▸ DATA LISTING
● ● ● ●
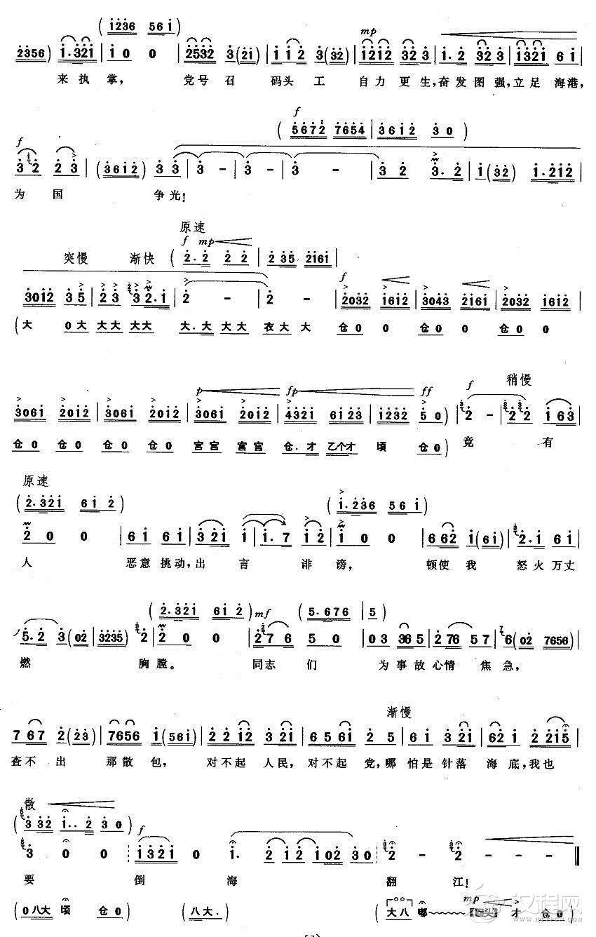 戏曲曲谱坚决战斗在海港(《海港》韩小强唱段)
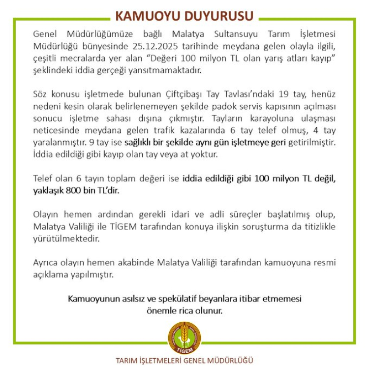 MALATYA (İGFA) - Tarım İşletmeleri Genel Müdürlüğü, Malatya Sultansuyu Tarım İşletmesi'nde 25 Aralık 2025'te yaşanan olayla ilgili bazı sosyal medya ve haber sitelerinde yayılan '100 milyon TL değerinde yarış atları kayıp' iddialarını yalanladı.
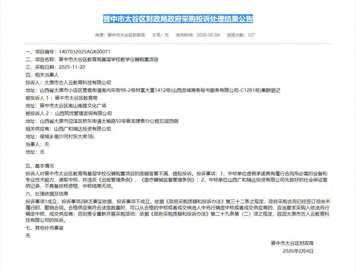 2026年2月4日,山西省政府采购网发布晋中市太谷区财政局政府采购投诉处理结果公告,对太原市古人云教育科技有限公司就“晋中市太谷区教育局基层学校教学仪器购置项目”提起的投诉给出定论。
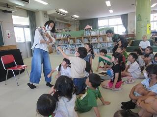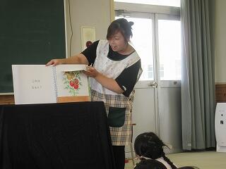 6月5日(木)3校時に、図書ボランティア「緑の風」の皆様によるお話会が1年生と2年生の合同で開かれました。たくさんのお話の中で、鍵盤ハーモニカでの演奏や、ゆび人形、手遊び、紙芝居など子どもたちを楽しませる仕掛けが盛りだくさん!たちまちお話の世界に引き込まれてあっという間にあたたかい時間が過ぎていきました。学期1回のわくわくするお話会、2学期は中学年、3学期に高学年です。入念なご準備、愛情いっぱいのお心づくしに心より感謝申し上げます。
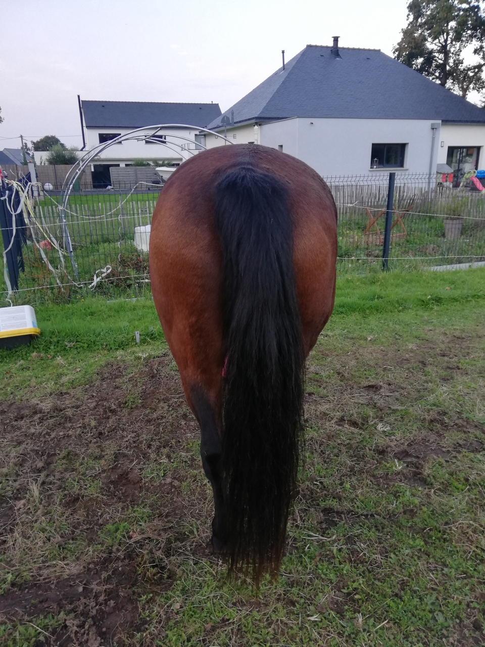 | Dire merci | Il ne me semble pas avoir parlé de fonte musculaire, elle a perdu son embonpoint, en fait elle a perdu sa surcharge pondérale mais elle n'a pas particulièrement fondu musculairement (elle a toujours son cucul bien rond ). Les pieds pourris s'expliquent très bien avec l'été qu'on a eu, le podologue m'a dit que beaucoup de chevaux, quel que soit l'âge, étaient dans cet état. Mais aucune boiterie à signaler ou manifestation d'inconfort en dehors des passages sur les petits cailloux. Pour connaitre quelqu'un dont le cheval a un cushing, je ne pense sincèrement par qu'elle soit dans ce cas mais je vais quand même surveiller. Je ferai une photo d'elle ce soir pour que vous me disiez ce que vous en pensez. En dehors de cet ensellement, je la trouve plutôt pas mal, son poil est beau et brillant, il me semble qu'avec cushing c'est plutôt hirsute et terne, non ? |
● ● ● ●
▸ WHAT YOU NEED TO DO
Since the pictures are not part of the copy, please transcribe only the lines above from the one with "2026年2月4日,山西省政" through the one with "6月5日(木)3校時に、図書", exactly and with both ends.

▸ YOUR RESPONSE
 2026年2月4日,山西省政府采购网发布晋中市太谷区财政局政府采购投诉处理结果公告,对太原市古人云教育科技有限公司就“晋中市太谷区教育局基层学校教学仪器购置项目”提起的投诉给出定论。
 6月5日(木)3校時に、図書ボランティア「緑の風」の皆様によるお話会が1年生と2年生の合同で開かれました。たくさんのお話の中で、鍵盤ハーモニカでの演奏や、ゆび人形、手遊び、紙芝居など子どもたちを楽しませる仕掛けが盛りだくさん!たちまちお話の世界に引き込まれてあっという間にあたたかい時間が過ぎていきました。学期1回のわくわくするお話会、2学期は中学年、3学期に高学年です。入念なご準備、愛情いっぱいのお心づくしに心より感謝申し上げます。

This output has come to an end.